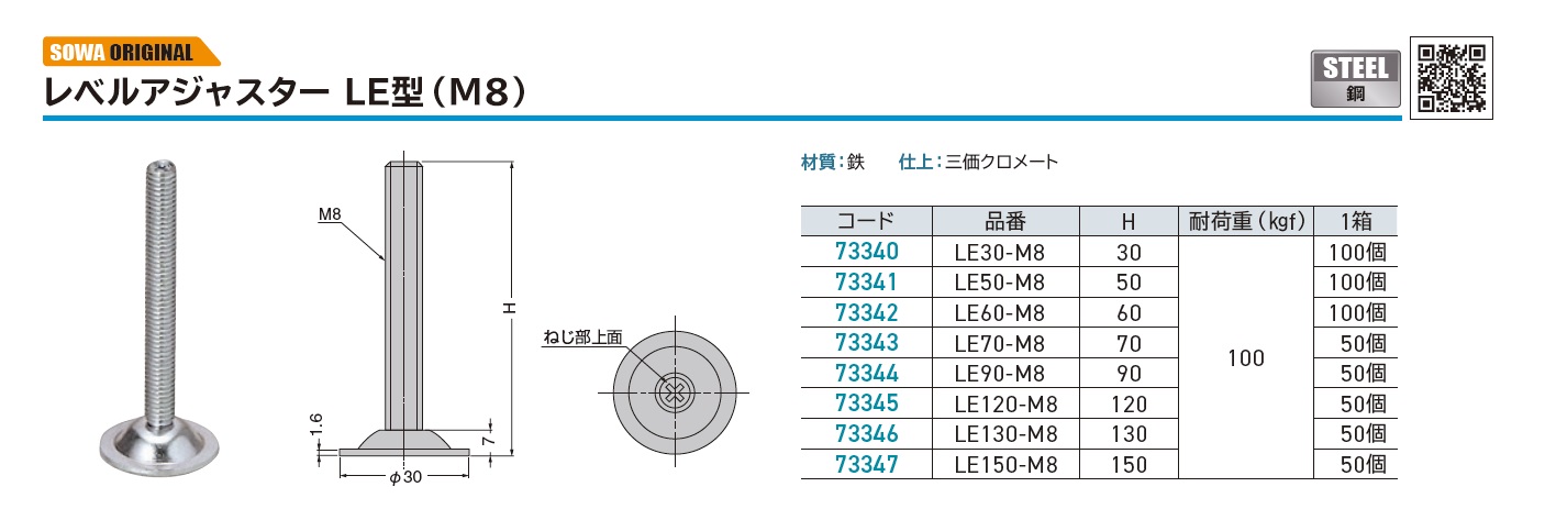 商品名: SOWA レベルアジャスターLE型(M8) LE30-M8・LE50-M8・LE60-M8・LE70-M8・LE90-M8・LE120-M8・LE130-M8・LE150-M8・LE-M8・ 73340・73341・73342・73343・73344・73345・73346・73347・
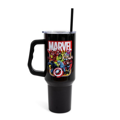 Silver Buffalo Marvel Comics The Avengers 40-Ounce Black Stainless Steel Tumbler With Handle
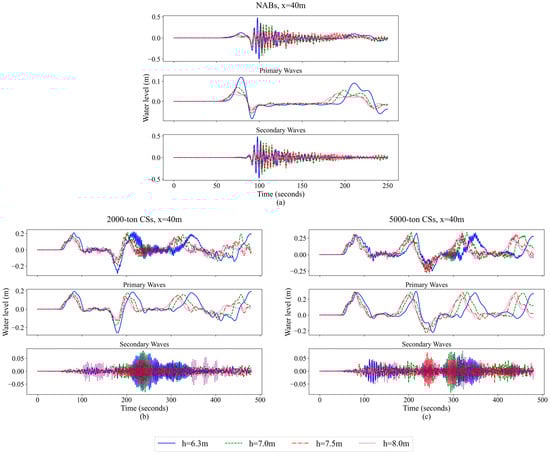 Water level changes at different water depths during the navigation of (a) NABs, (b) 2000-ton CSs and (c) 5000-ton CSs at x = 40 m, and the primary and secondary waves separated by a third-order Butterworth filter.
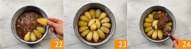 Colocad los gajos de pera con la parte abombada hacia arriba 22 disponiéndolos en forma de corona 23, luego verted la parte restante de la masa 24.
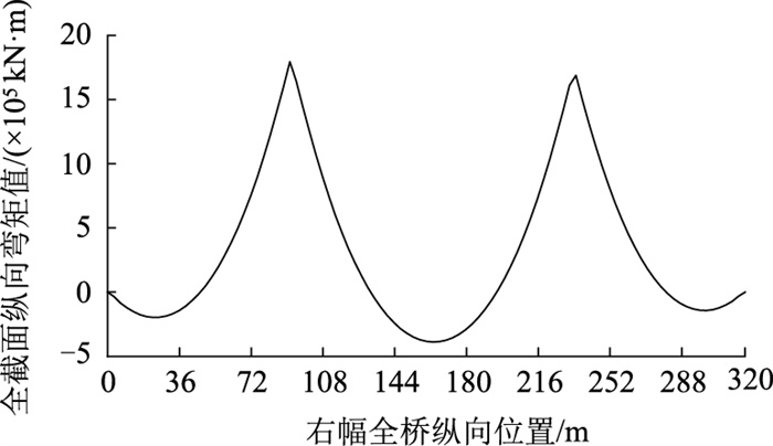 | 图 7 混凝土箱梁纵向弯矩分配 Fig. 7 Longitudinal bending moment distribution of concrete box girder |
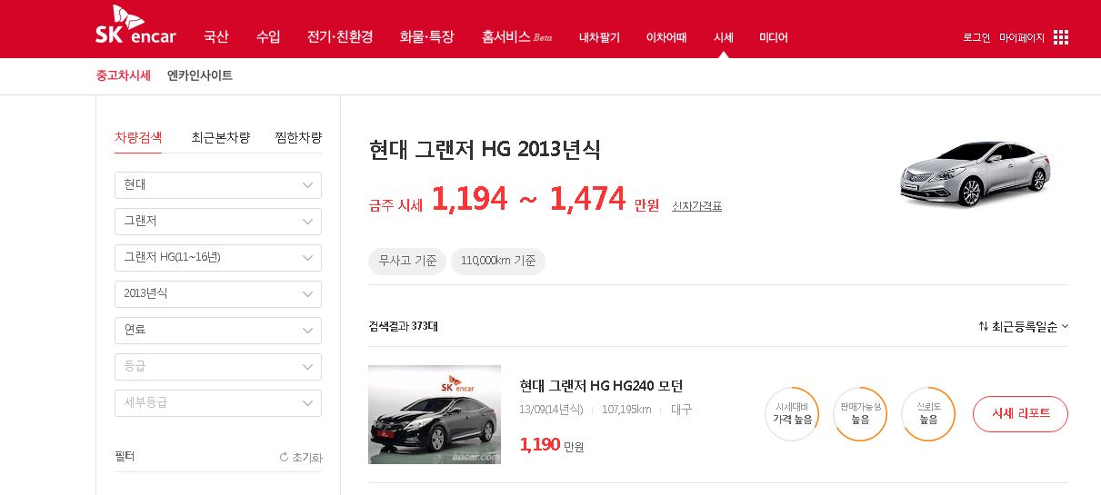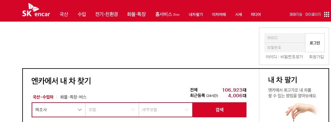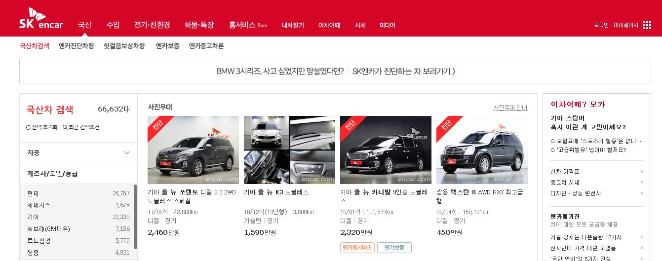 첫 번째로 국내에서 가장 많은 중고자동차 매물수를 기록하는 곳은 SK엔카로써 국산 및 수입 자동차에 대한 시세와 더불어 매매관련된 많은 정보가 확인 가능합니다. 많은 분들이 이용하는 중고 자동차 매매사이트인만큼 믿을 수 있는 곳이지 않나 싶네요.
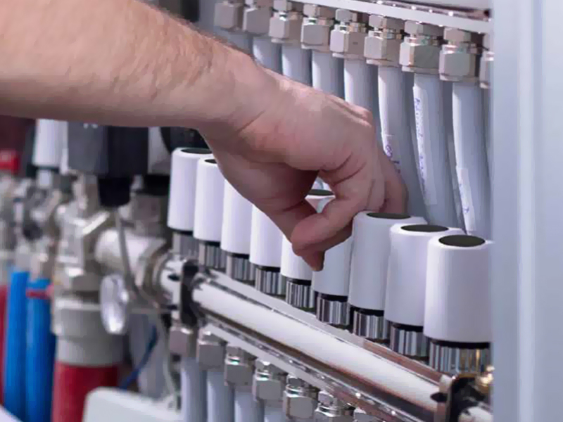 Attuatore a filo per valvole e collettori. In grado di controllare l’apertura e la chiusura nei sistemi di riscaldamento/raffrescamento a pavimento e a soffitto.
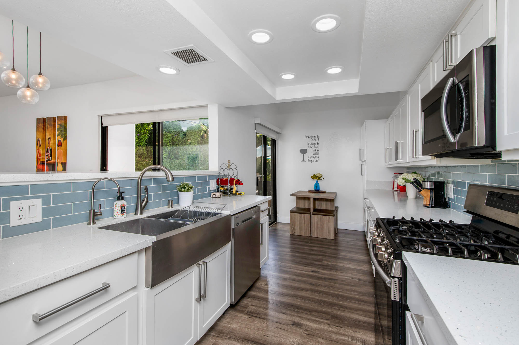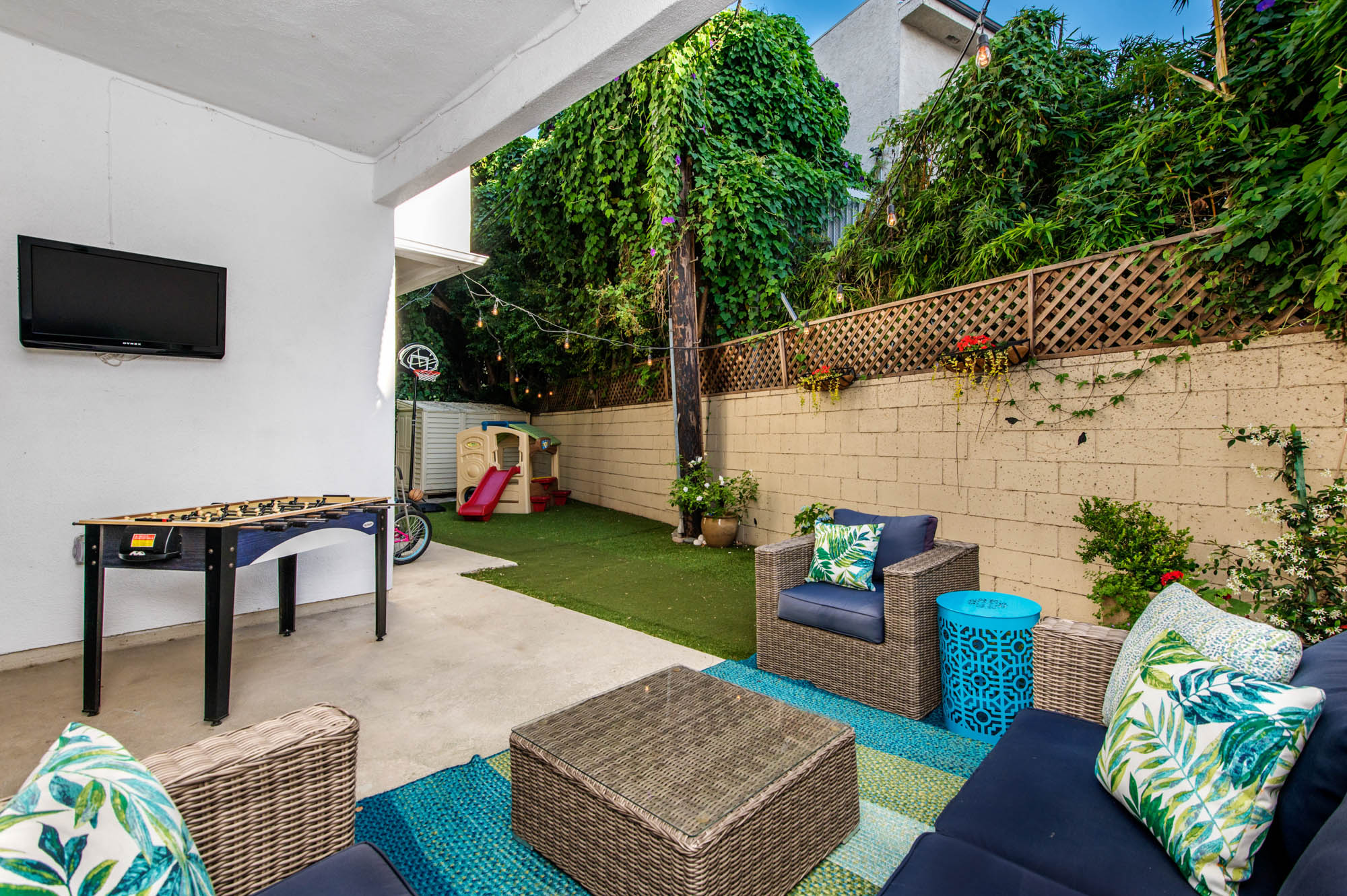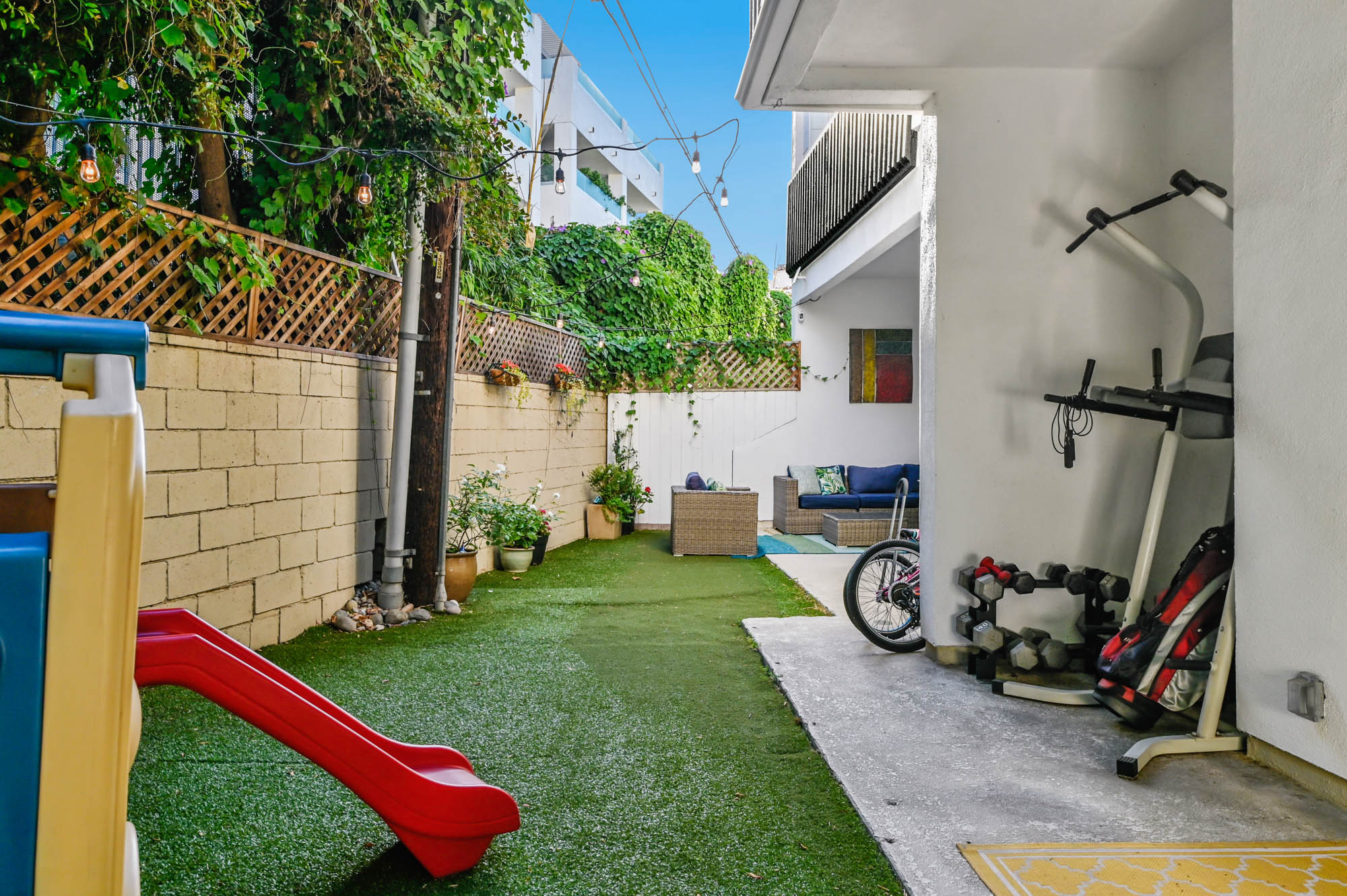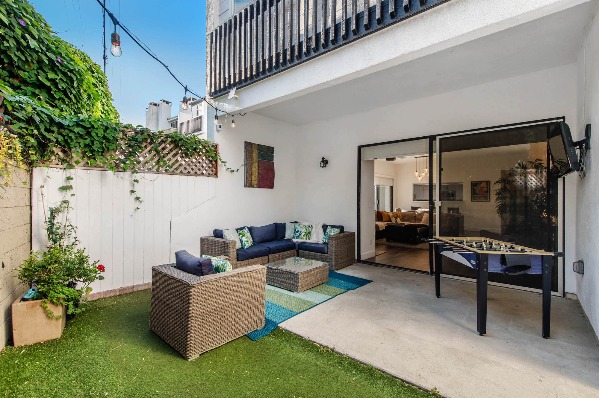 Located in Carpenter School District in one of the best pockets of Studio City is this 2 bed, 2 bath condo with rare private outdoor area. This light and bring home offers 1,359 square feet of living space, accentuated by high ceilings and an abundance of natural light. The spacious living/dining room offers a crushed glass fireplace and two sets of sliding doors, one to your large private “backyard,” and another to a patio which opens directly to the updated pool area. The remodeled kitchen has quartz counters and backsplash, plenty of storage, newer appliances, breakfast nook, and breakfast bar that opens to the dining area and living room. The master suite is large enough for a sitting area or office nook and has a fireplace as well as its own access to the backyard. The master bath has dual vanities, a walk in shower, and separate soaker tub. The most coveted feature of this home is the backyard space with large grassy turf and multiple seating areas, something you won’t find in any other local condo. Additional features include recently renovated common spaces, heated pool, subterranean gated parking, newer HVAC unit, custom door and window shades, and more. Moments from the famed Studio City Farmer’s Market, CBS lot, and the shops and restaurants of Ventura Blvd. This rare find won’t last long!
──────────
Print exactly what appears from the first line of the listing above down to the line containing "Water level changes", inclusive, and leave out all pictures.

 商品名: SOWA レベルアジャスターLE型(M8) LE30-M8・LE50-M8・LE60-M8・LE70-M8・LE90-M8・LE120-M8・LE130-M8・LE150-M8・LE-M8・ 73340・73341・73342・73343・73344・73345・73346・73347・
 Silver Buffalo Marvel Comics The Avengers 40-Ounce Black Stainless Steel Tumbler With Handle
 Water level changes at different water depths during the navigation of (a) NABs, (b) 2000-ton CSs and (c) 5000-ton CSs at x = 40 m, and the primary and secondary waves separated by a third-order Butterworth filter.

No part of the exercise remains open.